Lewis Capaldi déclare que le documentaire Comment je me sens lui a fait prendre conscience que la Tourette et l’anxiété avaient un impact considérable sur sa vie.
Le succès de Netflix, réalisé par Joe Pearlman, est allé dans les coulisses de la création du deuxième album de Capaldi. Cependant, le film a été salué pour offrir une vision plus intime et non polie de la vie de Capaldi, montrant à la fois ses succès et ses difficultés.
En réfléchissant à ce qu’il a ressenti la première fois qu’il l’a regardé, le chanteur de ‘Before You Go’ a déclaré que cela lui avait fait réaliser que son syndrome de Tourette et son anxiété étaient en train de « prendre le contrôle » de sa vie. « Je n’avais pas réalisé à quel point mon anxiété et mon syndrome de Gilles de la Tourette prenaient le dessus sur ma vie jusqu’à ce que je regarde le film. [Pearlman’s footage] back », a-t-il déclaré à The Independent.

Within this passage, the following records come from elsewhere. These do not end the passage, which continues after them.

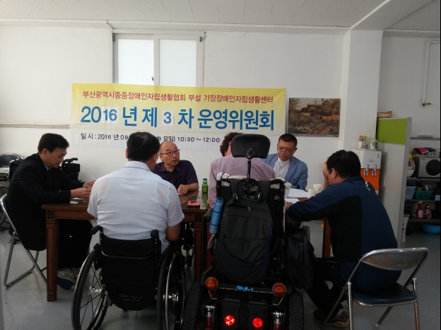 2016년도 제3차 운영위원회 개최 ○ 일 시 : 2016.09.20(화), 10:30○ 장 소 : 기장장애인자립생활센터 회의실○ 참 석 : 운영위원 4명○ 내 용 - 안건1 - 기장IL센터 정관..
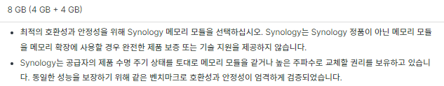 하드 구매 전에 반드시 시놀로지 공홈에서 레이드 계산하고 알맞은 용량 구매하시길 바랍니다.
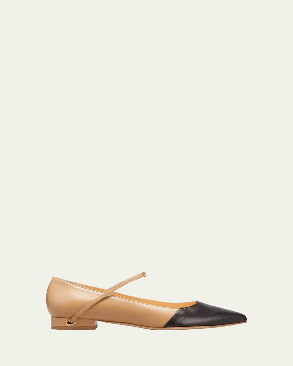 Jennifer Chamandi "Lorenzo" ballet flat in twotone napa leather. Signature strap goes through the 'Eye of the Needle' hole in the heel and is completely removable so you can wear your shoes with or without the strap. 0.8" flat heel. Pointed toe. Goat leather lining. Made in Italy.
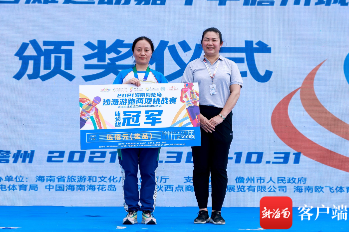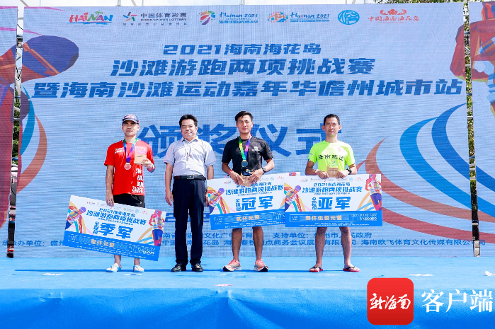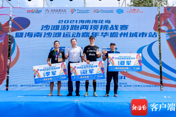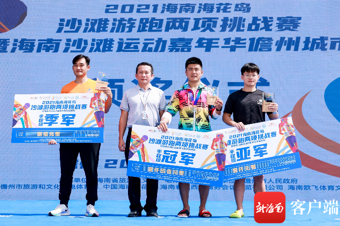 2021海南?;◢u沙灘游跑兩項挑戰賽頒獎儀式現場。記者 李昊 攝
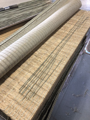 低い所には適切な長さにカットしたイ草を並べて調整をします。
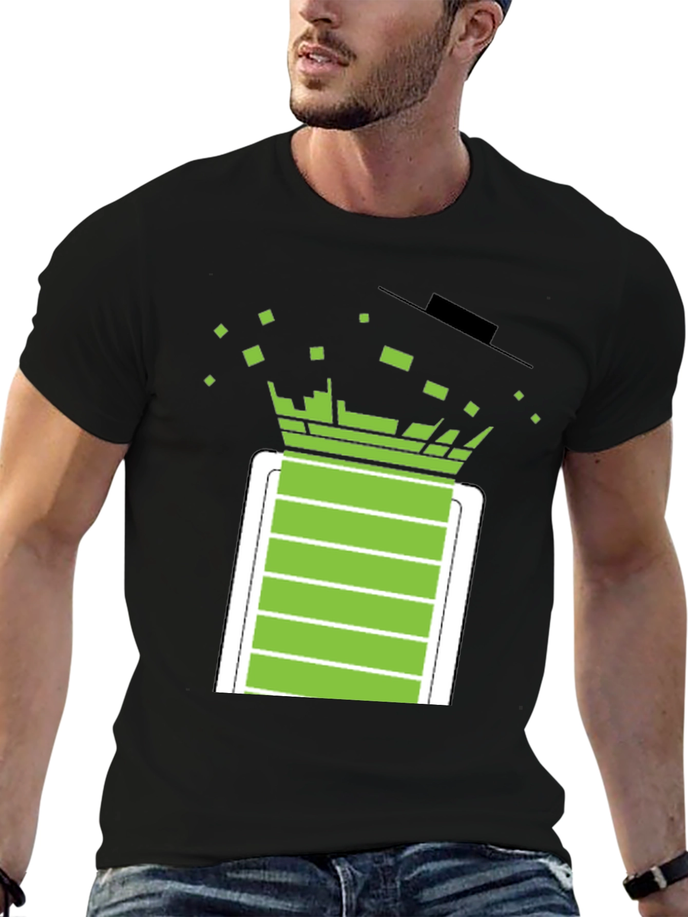 Show off your tech-savvy style with this eye-catching black t-shirt. This unique tee features a cool, pixelated graphic of a charging battery, making it a standout piece in any wardrobe. The green and white battery design pops against the black background, ensuring you'll turn heads wherever you go. Crafted from a comfortable material, this shirt is perfect for everyday wear, casual outings, or tech-themed events. Upgrade your t-shirt game and express your personality with this must-have addition to your collection.
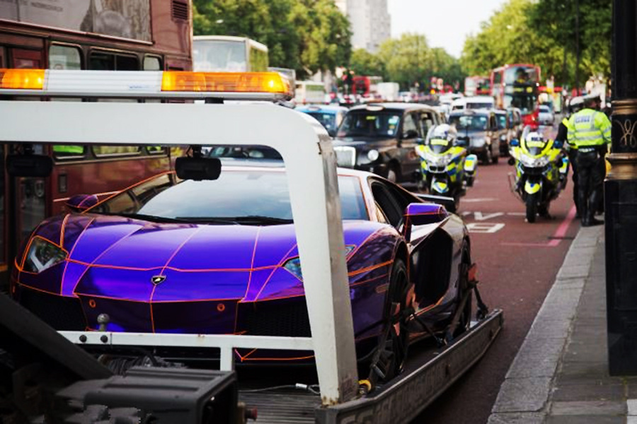 据英国《每日邮报》6月27日报道,当地时间26日,由于没有驾照或合格保险,驾驶兰博基尼埃文塔多的24岁卡塔尔统治家族成员阿勒萨尼,在伦敦布朗街头被警察扣留。早在三年前,该家族就因古怪的超级跑车而成为新闻头条。这辆斥资35万英镑(约合人民币328万元)、由日本调优公司个性定制的兰博基尼埃文塔多是世界上最快的跑车之一,6.5升的V12引擎使其最高速度能达到每小时217英里(约合349千米)。仿佛出自科幻电影般的荧光紫色车身令人惊叹。这一招摇抢眼的剪刀门跑车瞬间吸引了大批路人驻足围观。当低货架挂车抵达时,一名警察缓慢地将它开上挂车后部。图片来源:环球网
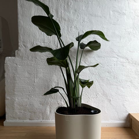 Strelitzia Nicolai är en stor grön växt med breda blad. Den levereras planterad i en vit fyrkantig kruka. Passar för inomhusbruk och bidrar med en tropisk känsla i rummet.
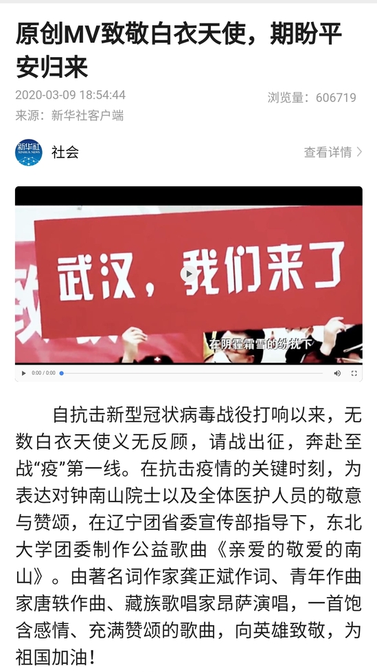 自抗击新型冠状病毒战役打响以来,无数白衣天使义无反顾,请战出征,奔赴至战“疫”第一线。在抗击疫情的关键时刻,为表达对钟南山院士以及全体医护人员的敬意与赞颂,在辽宁团省委宣传部指导下,东北大学团委制作公益歌曲《亲爱的敬爱的南山》。由著名词作家龚正斌作词、青年作曲家唐轶作曲、藏族歌唱家昂萨演唱,一首饱含感情、充满赞颂的歌曲,向英雄致敬,为祖国加油!
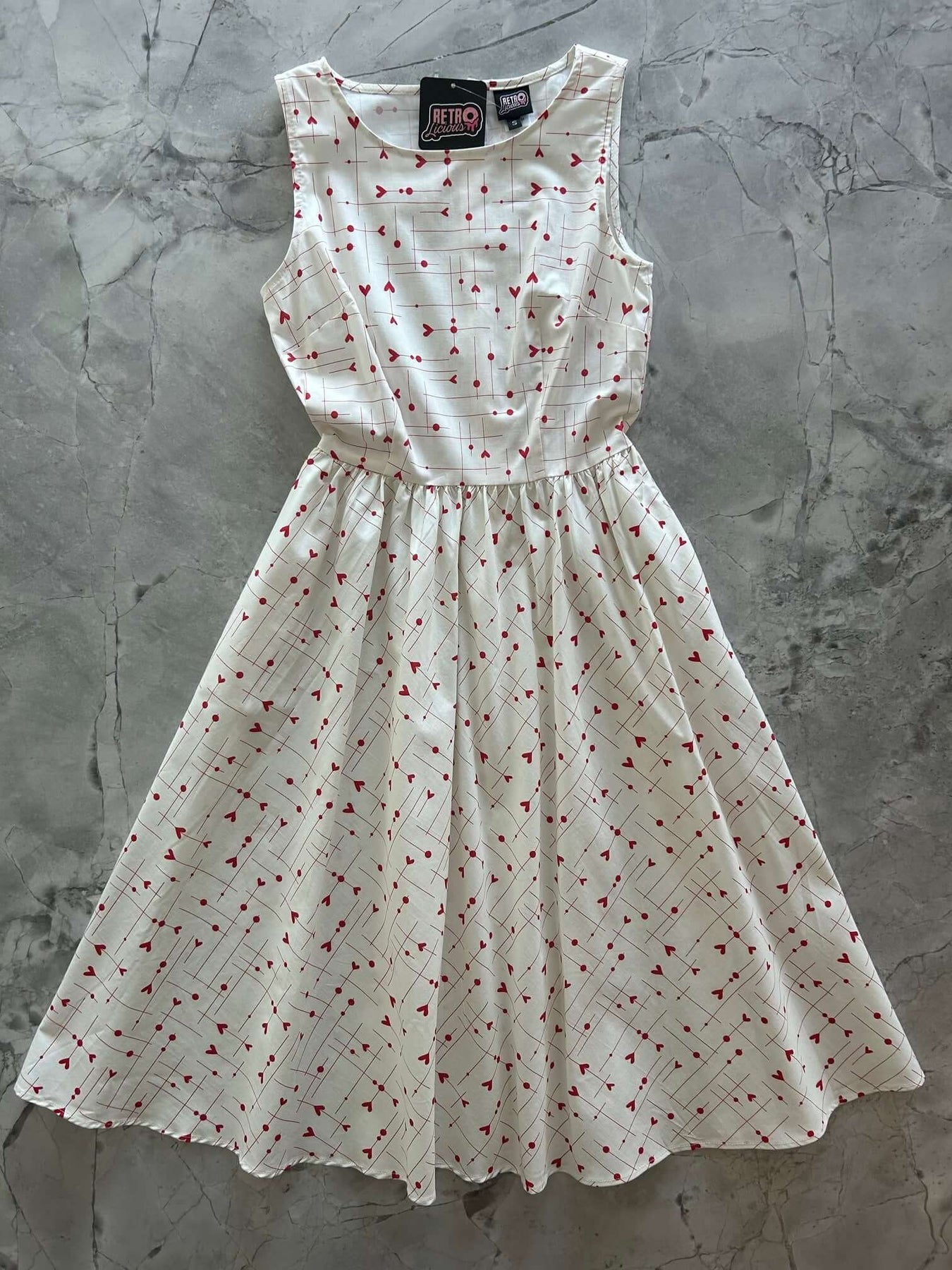 A vintage style piece with fun, modern details; our midi dress is now available in our Be Mine print. Made from 100% cotton, this classic 1950's inspired dress features a high neckline, longer length swing skirt with hidden side pockets, and back zippered closure.
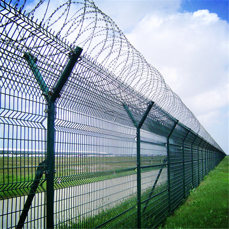 機場圍界頂部加裝刀片剌絲、刀片剌網后又很好的增強了安全防護性能。采用電鍍、熱鍍、噴塑、浸塑等防腐形式,具有很好的抗老化、抗曬、耐腐蝕等特點。產品造型美觀、花色多樣,既起到圍欄作用,又起到美化作用…
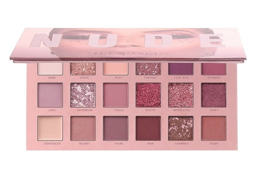 Paleta de Sombras New Nude Miss Rôse é composta por 18 cores de sombras, sendo 10 opacas, 5 brilhantes, 2 glitters prensados e 1 primer fixador.
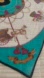 Elegant scarf with equestrian design. Features teal and white colors. Adds sophistication to any space.
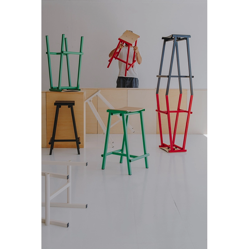 Conçu par Marc Morro Studio et édité par Hay, le tabouret haut de bar Taburete 8 H 76 marque le début d'une collaboration passionnante avec le designer espagnol. Nommé "8" en référence aux huit prototypes nécessaires pour atteindre la version finale, ce tabouret incarne une esthétique honnête et radicale propre à l'approche directe de Morro en matière de design. Disponible en deux hauteurs (66 cm et 76 cm), le Taburete 8 H 76 combine une assise courbée en contreplaqué et un cadre en tubes d'acier. Les différents composants sont mis en valeur par leur simplicité brute et un usage audacieux de la couleur. Sa construction robuste et son expression minimaliste en font un meuble polyvalent, facile à intégrer dans une grande variété d'environnements, que ce soit dans des bars, des restaurants ou des espaces privés.
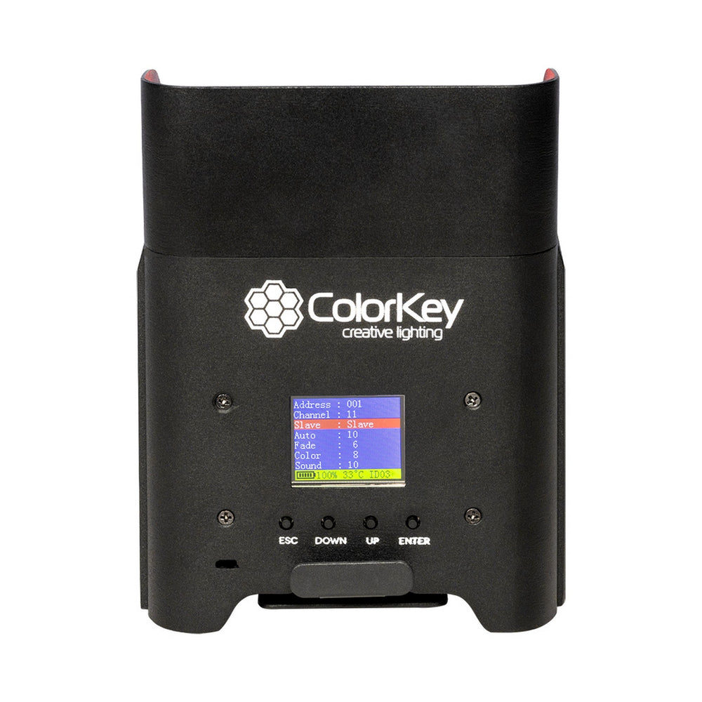The ColorKey AirPar HEX 4 Wireless Battery-Powered Uplight offers a variety of control options to suit your needs. The built-in transceiver allows you to wirelessly control other fixtures in Master/Slave mode, perfect for synchronized lighting effects. The vivid OLED menu display provides intuitive access to presets, color mixing, and on-the-fly speed adjustments for all Air Series fixtures. For a more traditional approach, the AirPar HEX 4 also includes a handy IR remote for control on the go. And if you require complex lighting setups, the 3-pin DMX ports allow connection to DMX controllers.
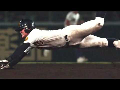 2アウトランナーなして今日3眼だ。4番 バッター稲山相馬 前。そして記録相たレフト戦。弾早い。 井山は2塁を狙う。ボールがセカンド ベースで持ってくる。頭から滑り込んで いきました。今日なんと4打数4 アダユニフォームが破れながらも頭から 突っ込んでいきました。 すごいですね。はい。 そしてこの稲山のね、この動き 1つ1 つのこのパワーにユニフォームの方が耐えれませんでした。あ、 そうですね。 あの野手感を非常に詰めているという風に紹介したんですが、その無人のレフト戦でした。 そうですね。その通りのとこに飛んできましたよね。 はい。 ま、普通でしたらレフト前ヒットっていうような当たりかと思うんですけどね。 はい。そしてこのヘッドスライディング スローでもご覧いただきましょう。この大迫力です。 大きな体を手からセカンドベースをぎ取りました。どうでしょうか?ま、ユニフォームはね、基本的には 1 着しかね、こう背番号付きのはないはずですけれども。 そうですね。誰かの借りたんですかね。 あ、そして背番号18 番のユニフォームをして最登場です。 1 年生の吉本優勢からユニフォームを借りたようです。はい。 なるほど。 お待たせいたします。 ヒット打ってるバッターに対して大事打ですからね。 よほどあの信頼があるバッターなんでしょうね。背番号 12番です。2年生 港前インコース変化球かっ三振りました。今日初めて長尾の表情が笑顔になりました。 大ピンチでした。オフさん一言お願いします。 いや、なかなかね、満塁であのインコースにボール投げづらいんですよ。デッドボールありますからね。
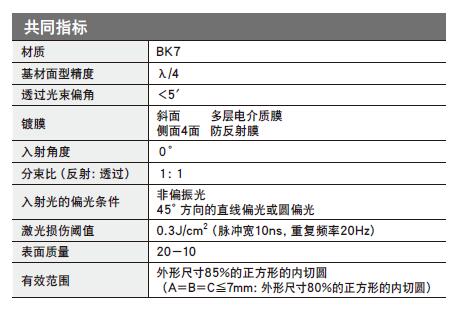 日本SIGMA KOKI紫外激光分束立方體共同指標

ajoutant : « Quand j’ai vu la première version, c’était tellement déprimant que j’ai été surpris de ne pas mourir à la fin ! Je veux dire, il y a toujours une suite ».
« Quand j’ai une crise de panique, j’ai l’impression de devenir fou, d’être complètement déconnecté de la réalité », explique-t-il à la caméra dans le documentaire. « Je ne peux pas respirer. Je ne sens pas mon souffle entrer. J’ai des vertiges. J’ai l’impression que quelque chose se passe dans ma tête. Je transpire. »
Ajoutant : « Mon corps entier commence à faire ce que mon épaule fait. Comme des convulsions. Le plus important pour moi, c’est que je vais toujours me sentir comme ça maintenant, c’est moi. F***. C’est ça. Soit j’ai l’impression que je vais rester coincé comme ça pour toujours, soit je vais mourir. »
Le chanteur écossais a révélé en septembre 2022 qu’on lui avait diagnostiqué le syndrome de Gilles de la Tourette. A l’époque, Capadli avait déclaré qu’il voulait rendre cela public « parce que je ne voulais pas que les gens pensent que je prenais de la cocaïne ou quelque chose comme ça ».
Depuis, il a expliqué que le fait de faire de la musique et de se produire sur scène aggravait ses symptômes. « C’est seulement la musique qui me fait ça, sinon je peux aller bien pendant des mois, donc c’est une situation bizarre », a-t-il déclaré au Times lors d’une récente interview. « Pour l’instant, le compromis en vaut la peine, mais si j’en arrive à un point où je me cause des dommages irréparables, j’arrêterai.